# where to get wood???



## sundaysmoker (Oct 30, 2005)

I would like to try using wood for my heat source instead of charcoal - I have a chargriller super pro with a sfb.  I like hickory over mesquite, but have no idea where to get it.  Any ideas??  Are there any other types of wood that would be a good heat source without flavoring the meat too much.  I was wondering if you could use the wood people sell for fireplaces??? With winter upon us folks are selling wood everywhere, but how do you know what kind of wood it is once it is cut??
Thanks Patrick


----------



## monty (Oct 30, 2005)

Patrick, I would first suggest that you go the the "Messages for Everyone Thread" and follow the links that Dacdots has graciously provided us under American Elm Wood. That will give you a great overview of what different woods will do in the smoker and also advise which woods NOT to use.
Then, go to a supplier. He (or she) will know what species they have available and how well seasoned (dry) it is. Most often maple, birch, ash, oak, and other local hardwood species are predominately used for firewood. Generally the bark of a tree will tell what the species is. 
Then it is up to you to decide which species you would prefer as a base fire and go from there. 
Most hardwoods used in heating develop a great bed of glowing coals. This is when the fire is at its hottest point. I would process the base wood into sticks no more than two inches thick. This will allow for keeping a steady temp and less base wood flavoring.
Have fun experimenting!
Monty


----------



## sundaysmoker (Oct 31, 2005)

Thanks for the input monty - I read that list about the woods from the gen board - Very helpful , I think I will keep a copy of it handy as a referance.
thanks again


Patrick


----------



## willkat98 (Nov 30, 2005)

Patrick

Looks like your questions were addressed, so I'll add 2 cents on just half the question,

Where to get wood.

If you are able to identify wood exactly, you can buy wood in splits from a place that sells wood.  I have a farm near me that sells fire wood.  Got to know the owner pretty well, and he says he gets mostly oak.  But he also gets some apple and hickory.  He seperates the splits and clearly labels them. I told him I wanted to use some splits to cook with, and needed to be sure I wasn't getting Pine or other "bad" wood for food.  He told me he didnt want those trees either, as people were complaining about off smelling fireplace from the oils, and that people are now actually requesting the cherry, apple, pecan, and birch splits, for they give off a nice aroma in the house.

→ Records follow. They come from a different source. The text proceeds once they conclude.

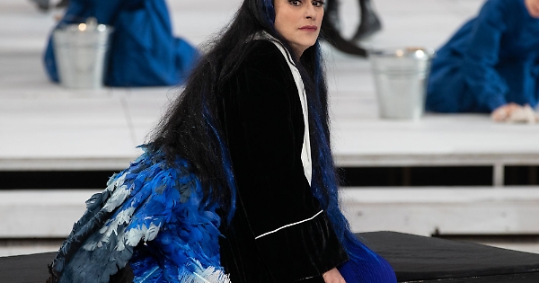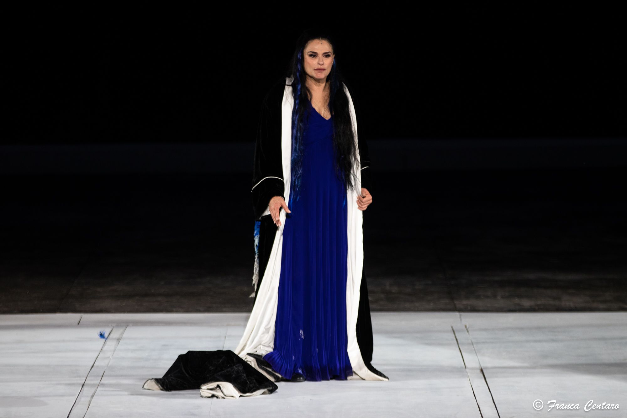 Da che la sappiamo tragica (Clitemnestra, Elena, Giocasta, precedenti brillanti e tonanti) lei fa lo spettacolo, ne dà ragione, sentimento, prospettiva, lo rende atemporale e archetipico perché è “attore” di modernità inchiodante. In un contesto di sapore scandinavo si sarebbe tentati dal ribattezzarla Hedda Gabler ma perché mai? Lei sfugge a tempi e categorie, ha un vigore che non conosce schemi e date. Presente ed “antica” nella stessa misura in cui il Mito è ancora in grado di comprometterci, tutti. Sicché resta Medea, inequivocabilmente e a suo modo. Per questo (i costumi di Giovanna Buzzi confermano che l’abito “fa” il monaco, eccome!) non può esservi epoca nella veste, incantevole, sottana bluette e manto con lungo strascico istoriato, copricapo con becco d’uccello, terribile e temibile come la voce ancora fuori campo.
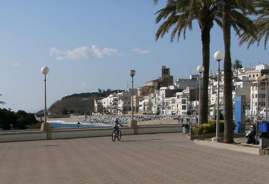 Bordea la línea de la costa. Al fondo se distingue la Platja de les Barques, situada justo frente al casco urbano.
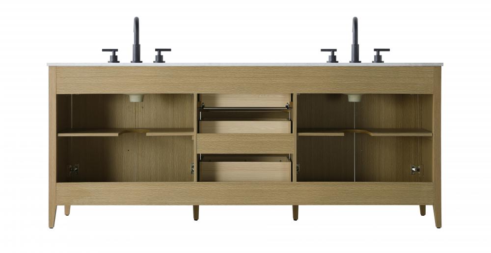 Bring both elegance and practicality to your bathroom with this transitional vanity, available in a selection of rich finishes that highlight the beauty of faux wood grain in shades of mocha, chestnut, and honey, along with classic white and modern grey. The flat door panels and sleek black metal pulls create a minimalist yet refined aesthetic, while the soft-closing drawers and tapered legs with levelers provide smooth, functional operation. Topped with a luxurious white engineered marble countertop and featuring a porcelain sink, this vanity combines timeless style with modern efficiency. Thoughtfully designed with U-shaped cutout for plumbing, it offers ample storage and easy installation, making it the perfect centerpiece for any bathroom.
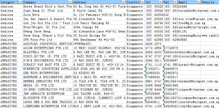 新加坡企業(yè)黃頁,格式EXCEL。數(shù)量超過19萬家。
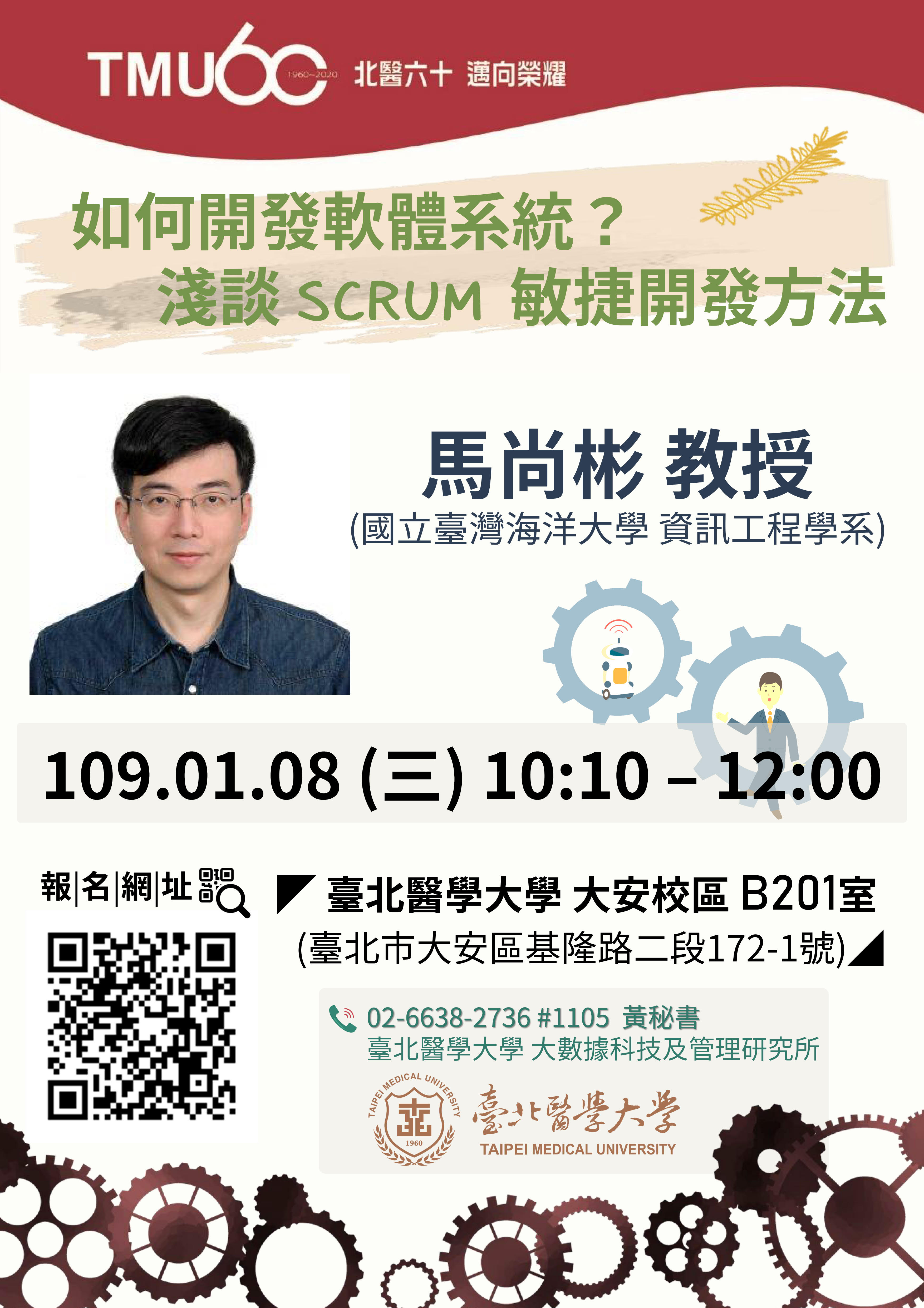 【演講】如何開發軟體系統?淺談SCRUM敏捷開發方法rn日期:2019/01/08(三)10:10-12:00rn地點:大安 B201rn講者:海洋大學資工系 馬尚彬 教授

A second option is to call your local tree trimmer guy.  They have to pay for disposal usually.  You might just get a call "I got a truck full of nothing but oak.  You want it?  $30 and I'll have my guy stack it" :)

Thirdly, when I'm using chunks (like this past TDay) in my WSM which is ideal for charcoal, I just go to Hawgeyes online and order 10# of apple and 10# of pecan.  Pretty reasonable at like $1.09 a pound.  Always get really dry chunks, nice sizes, and if you order some sauce, rub, and Hi Mountain, the shipping becomes minimal.

So there are 3 sources, but get creative.

I know a guy that goes to a local cabinet maker and the guy saves him a bucket full of scrap wood splits from oak and various woods.

And how do you guaranty the firewood seller, tree trimmer, and cabinet maker, only seperate out the good stuff for you?

Have ribs, will travel.  Nothing like some lip smacking ribs to grease the wheels every now and then.

Good luck!


----------



## Dutch (Nov 30, 2005)

Chi Bill, Have a cousin that was going to buy a fruit orchard (apple and cherry) and we were going to split/chip the older trees and the stuff that had been up rooted to plant young stock.  
Unfortunately that parcel of land has been sold to a land developer that wants to plant houses there. Oh well, I may have to check out Hawgeyes and order some woods for the GOSM.


----------



## monty (Nov 30, 2005)

So much for that thing we call "progress". I call it encroachment.  :(     Any way you can get the contract to log it, Dutch? You could still profit and somebody could still benefit! Hate to see it go to waste!
Monty


----------



## Dutch (Nov 30, 2005)

I've been thinking about getting permission to clear the parcel but the land vulture (developer) said that it will be a couple of years before he develops that parcel.  The farmer that sold the land is going to havest the fruit up to construction time.  The land yulture is wanting to buy the adjoining parcels that belong to other farmers before he starts building.


----------



## monty (Nov 30, 2005)

Sickening! Purely sickening!   :x  The same thing is happenening here in the Northeast Kingdom, but there are times when the land vultures are made to think twice!  :twisted:  
Monty


----------